# Leaning towards getting a DRO for my Bridgeport mill



## Technical Ted (Oct 14, 2018)

I've been a dial counter for years and am pretty comfortable doing so, but recently have been thinking about installing a DRO on my Bridgeport mill. Two axis is the path I'm taking. I don't think I would use one on my knee and I don't really want the clutter of one on my quill. For my work and projects, depth isn't typically all that critical. I've got an adjustable depth stop and that suits me just fine. 

It started when I saw H&W has the Mitutoyo on sale for a bit over $1000. But, after doing some research, for my hobby use, I see that a lot of people are very happy with much less expensive units. I've been doing quite a bit of searching and it has pretty much come down to TPAtools and DROpros. These two seem to be neck and neck with popularity and endorsements from this discussion group and other sources.
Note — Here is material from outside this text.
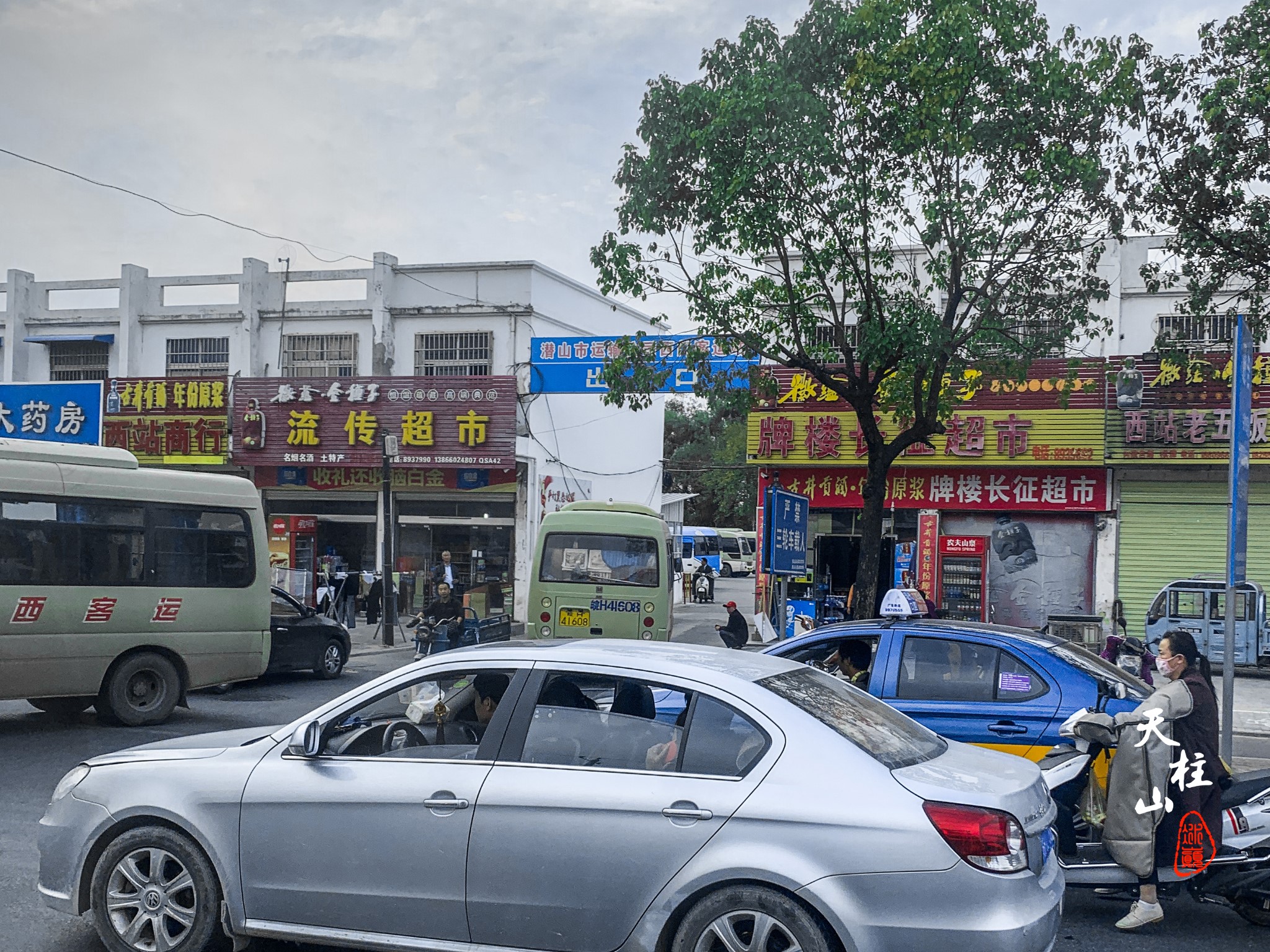 驾驶员问我去哪里,告知我潜山有两个站:潜山西站和潜山站。从安庆的班车直接去潜山西站。从潜山到天柱山的班车也是从这个站开。下图就是抓拍的潜山西站门口,感觉好小。

I'm pretty sure I'm going the TPAtools ($365 free shipping) two axis route. They are over $100 cheaper than DROpros and users/owners are very happy with them. They have a 5 year warranty. 

I'm posting this to get any feedback on my decision before pulling the trigger.

Thanks!
Ted


----------



## randyjaco (Oct 14, 2018)

Stop leaning and just buy one. I would go with a 3 axis one if you can swing it. You will be amazed at what your old Briggie can do. You will also find that you enjoy machining more than you ever did before. I now use DROPros exclusively. When you do the installation, that extra 100 bucks will be money well spent.

Randy


----------



## Technical Ted (Oct 14, 2018)

randyjaco said:


> When you do the installation, that extra 100 bucks will be money well spent.
> Randy



Please elaborate... why?

Ted


----------



## Karl_T (Oct 14, 2018)

My google foo is not working... pretty common for me.

I am interested in using magnetic encoder strips like Jim Dawson did on a DRO build.  I'll keep looking. I suggest you at least consider this route.

<EDIT>
Jim sent me the link:

https://www.hobby-machinist.com/threads/lathe-dro.58063/


----------



## jdedmon91 (Oct 14, 2018)

Go get one. I use mine constantly. Besides the positioning the features like finding center and hole positioning is worth the money 


Sent from my iPhone using Tapatalk


----------



## ronboult (Oct 14, 2018)

Hi Technical Ted.
I am sure you will really appreciate a DRO once you get to use it. Most who install one would never consider going back.
Where you purchase from is up to you but I will leave you with two suggestions .
1 At least buy a readout with three axis. You don't have to install a Z axis scale at first but if you buy a 2axis readout you can't upgrade and I am fairly sure you will want too after using the DRO for awhile.
2 Secondly the most important issue with what DRO you choose is the Readout. Some Brands use multiple menus to get to the operations and are a pain to use while others make using the readout easy.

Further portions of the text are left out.